> Collected material
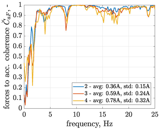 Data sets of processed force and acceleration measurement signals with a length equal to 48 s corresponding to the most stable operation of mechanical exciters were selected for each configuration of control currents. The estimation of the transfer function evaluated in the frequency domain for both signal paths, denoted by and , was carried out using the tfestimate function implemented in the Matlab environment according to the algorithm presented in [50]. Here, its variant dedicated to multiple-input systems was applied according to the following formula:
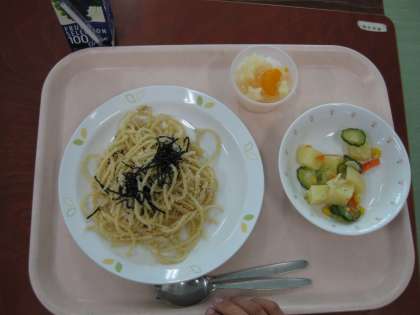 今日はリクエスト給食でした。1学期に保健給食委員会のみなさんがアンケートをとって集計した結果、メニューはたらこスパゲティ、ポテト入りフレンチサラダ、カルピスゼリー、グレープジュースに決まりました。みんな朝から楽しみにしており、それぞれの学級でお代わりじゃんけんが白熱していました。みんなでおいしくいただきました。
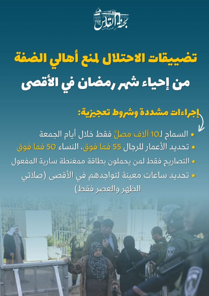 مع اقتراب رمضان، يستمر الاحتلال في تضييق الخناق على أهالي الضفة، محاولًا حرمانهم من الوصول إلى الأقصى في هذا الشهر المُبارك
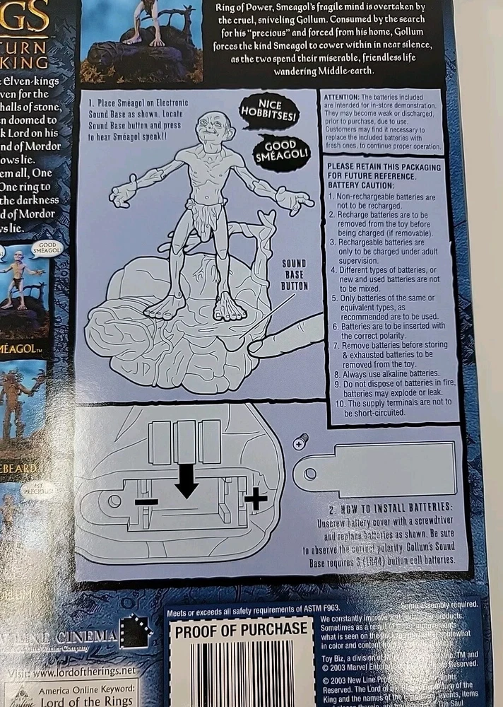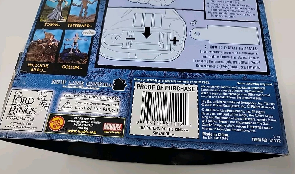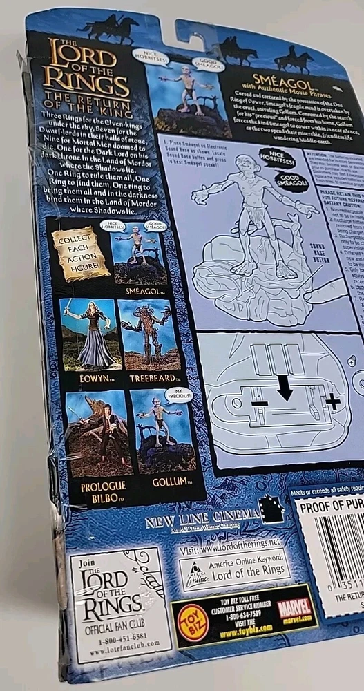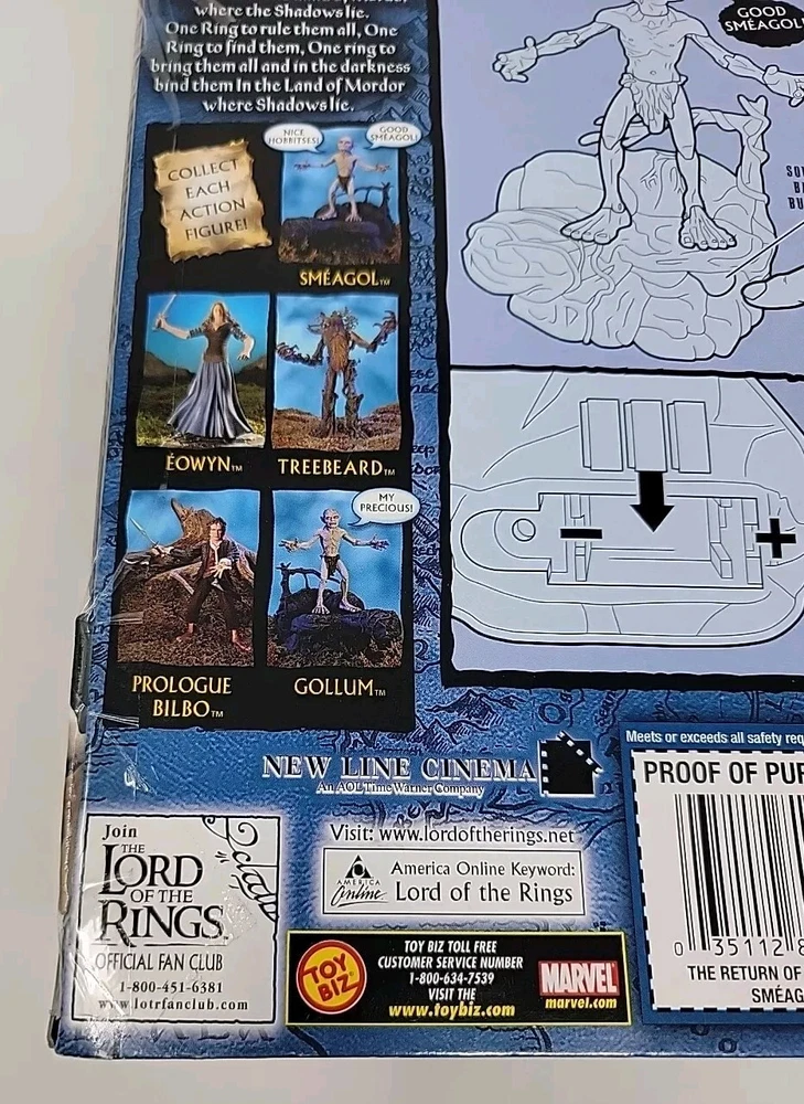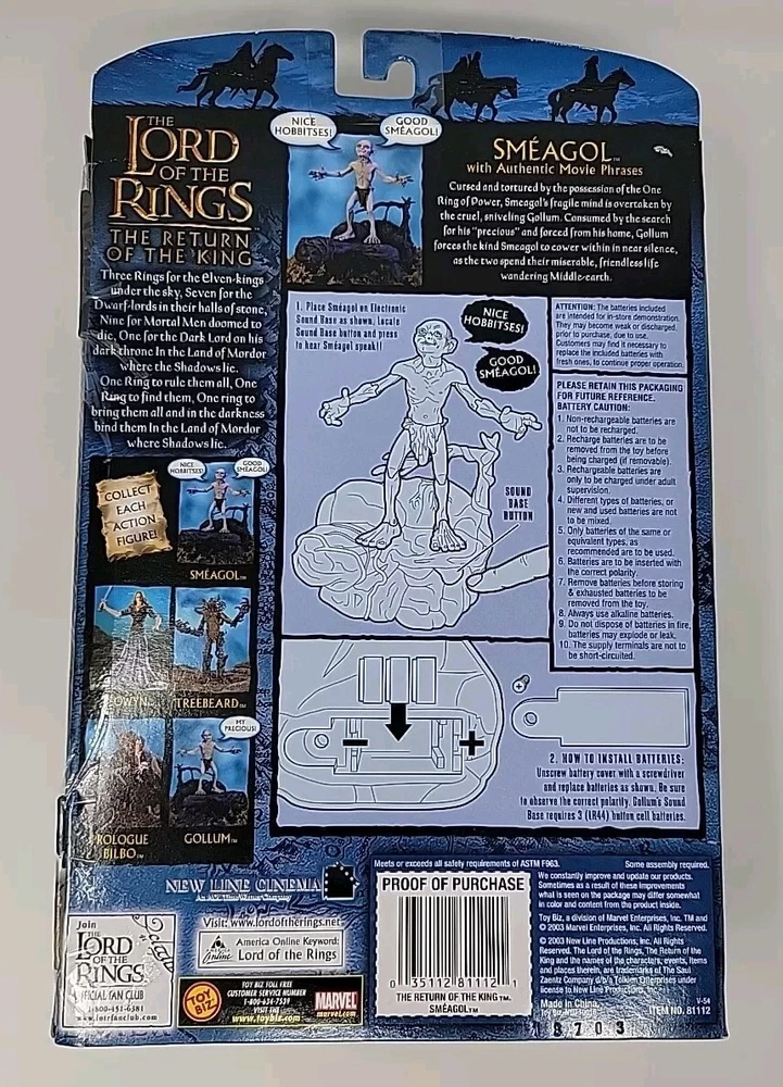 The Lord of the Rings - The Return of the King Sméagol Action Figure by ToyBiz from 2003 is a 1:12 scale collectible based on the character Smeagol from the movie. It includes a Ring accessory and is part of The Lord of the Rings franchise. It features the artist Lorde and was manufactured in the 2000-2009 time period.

> What you have to do
Write out exactly the lines from the line that contains "مع اقتراب رمضان،" through the end of the material, including both ends. No pictures belong in the copy.

> Output of the task
 مع اقتراب رمضان، يستمر الاحتلال في تضييق الخناق على أهالي الضفة، محاولًا حرمانهم من الوصول إلى الأقصى في هذا الشهر المُبارك
 The Lord of the Rings - The Return of the King Sméagol Action Figure by ToyBiz from 2003 is a 1:12 scale collectible based on the character Smeagol from the movie. It includes a Ring accessory and is part of The Lord of the Rings franchise. It features the artist Lorde and was manufactured in the 2000-2009 time period.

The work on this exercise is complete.